I don't think the qform does have shearing, it has a small rotation -
see https://en.wikipedia.org/wiki/Rotation_matrix#Basic_rotations .
Playing with nibabel and fsl, I think what is happening is the FSL is
doing something weird to the qform, when the qform code is 0 -
'unknown'. The qform is correctly stored in the header, according to
nibabel. This script:
```
import numpy as np
np.set_printoptions(suppress=True, precision=4)
import nibabel as nib
aff = np.array([[-1.796652, 0.000000, 0.000000, 112.420448],
[ 0.000000, 1.795833, -0.054337, -90.885376 ],
[ 0.000000, 0.054236, 1.799180, 54.572971],
[ 0.000000, 0.000000, 0.000000, 1.000000]])
data = np.zeros((2, 3, 4))
img = nib.Nifti1Image(data, aff)
nib.save(img, 'out.nii')
img2 = nib.load('out.nii')
print(img2.get_qform())
```
gives:
[[ -1.7967 0. 0.0008 112.4204]
[ -0. 1.7958 -0.0543 -90.8854]
[ 0.0008 0.0542 1.7992 54.573 ]
[ 0. 0. 0. 1. ]]
whereas `fslhd` on the same file gives the same output as you got:
qto_xyz:1 1.796652 0.000000 0.000000 0.000000
qto_xyz:2 0.000000 1.796652 0.000000 0.000000
qto_xyz:3 0.000000 0.000000 1.800000 0.000000
qto_xyz:4 0.000000 0.000000 0.000000 1.000000
> So, two questions :
> - Is there any adverse effect to using original headers if I know for
> certain nothing changed except dtype?
Nothing that I can think of.
> - Well, I still can't figure out the flipping (is it the same when
> transformation would be applied in world space?
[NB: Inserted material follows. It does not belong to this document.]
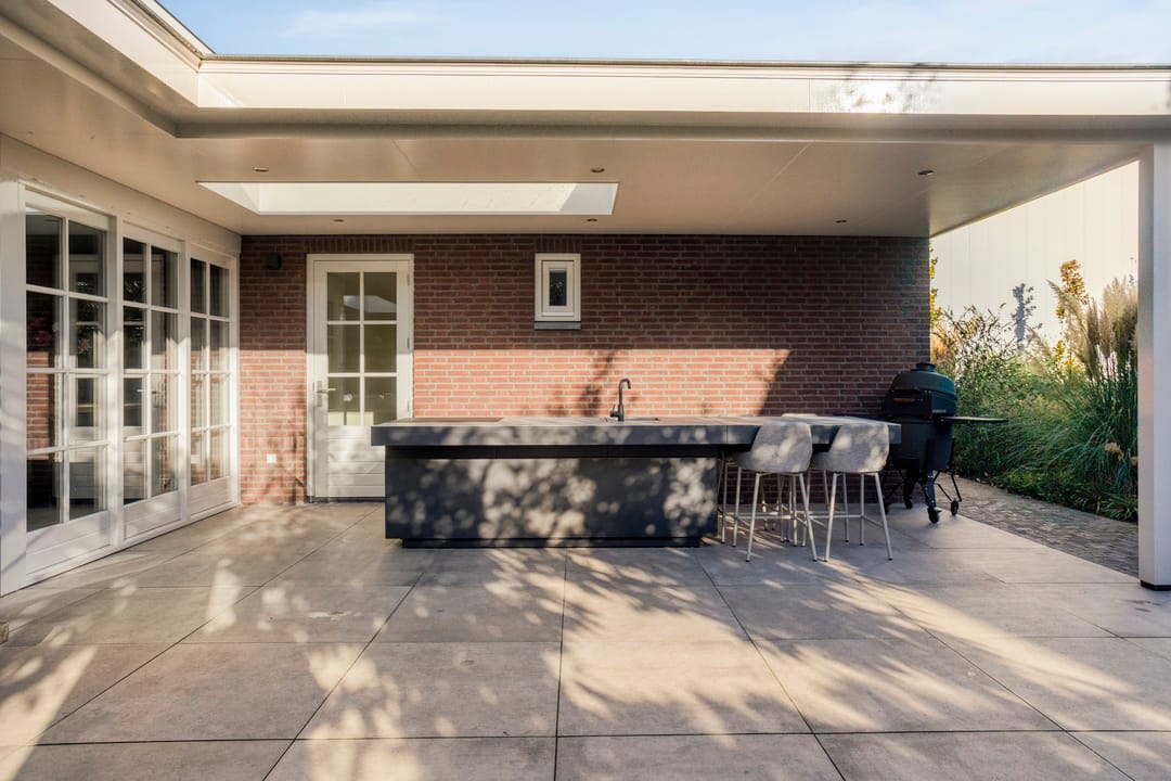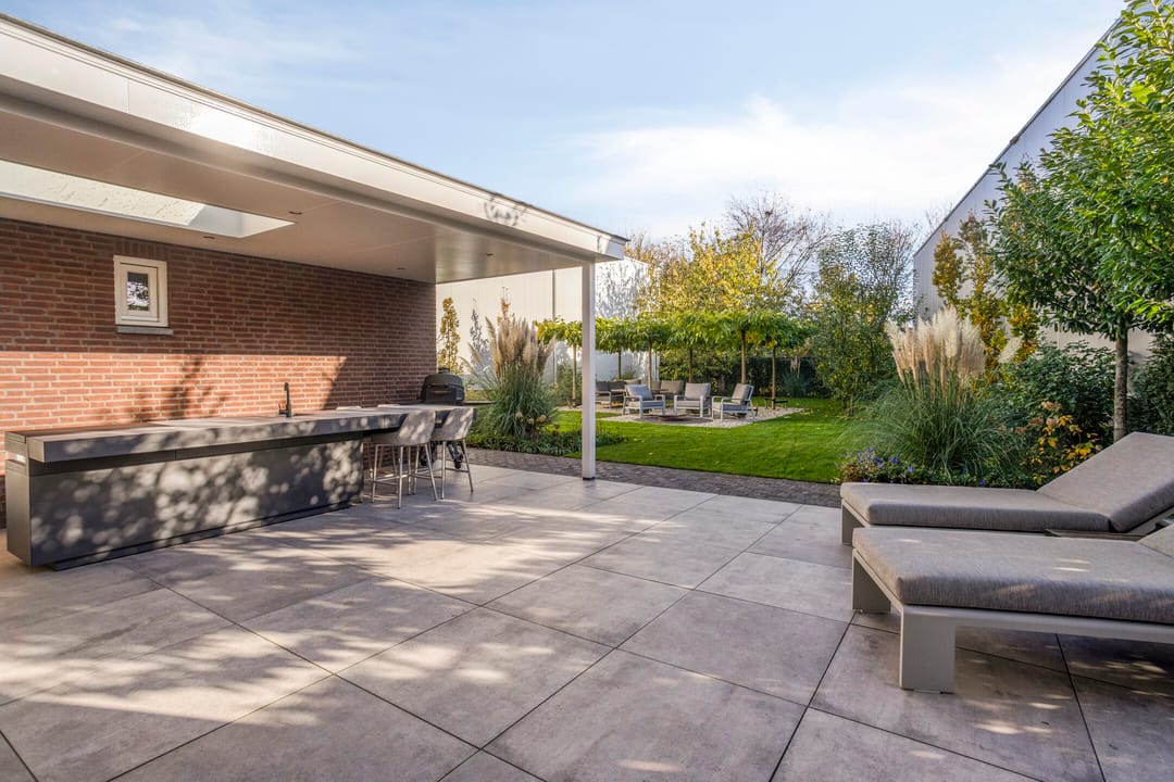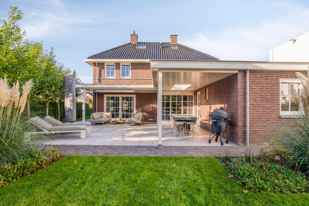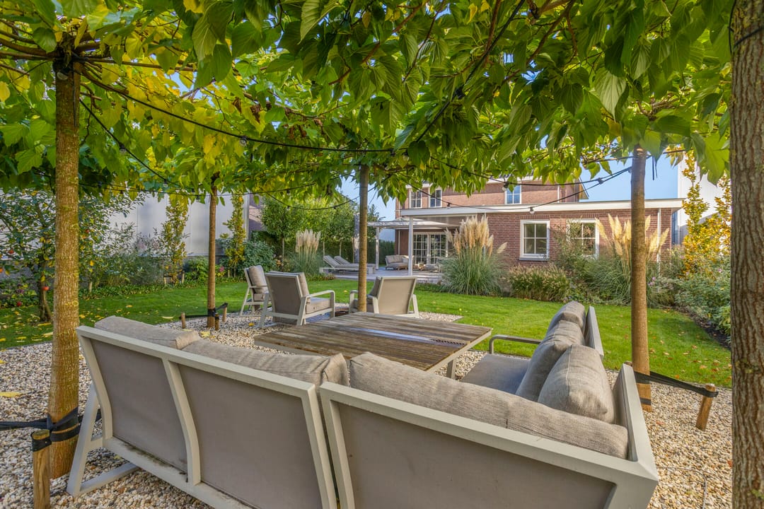 De achtertuin is gesitueerd op het oosten en is diep circa 32,50 meter. De tuin is bijzonder fraai aangelegd, met een groot terras met twee hoogwaardige terrasoverkappingen met ieder een lichtstraat en inbouwverlichting. Onder de tweede overkapping bevindt zich een complete buitenkeuken. Deze is ter overname.

So it still is flipped for
> all software in image space in this case then)
> or is that some nibabel RAS convention? I am still confused as to what
> happened to the orientation for the recreated header.
I think the difference must be in the interpretation that [whatever
software shows the flip] gives to a header with a qform with code 0
(unknown). If you want to solve this, you might want to set the
qform explicitly, with something like 'img.set_qform(affine,
'aligned')' before you save the image.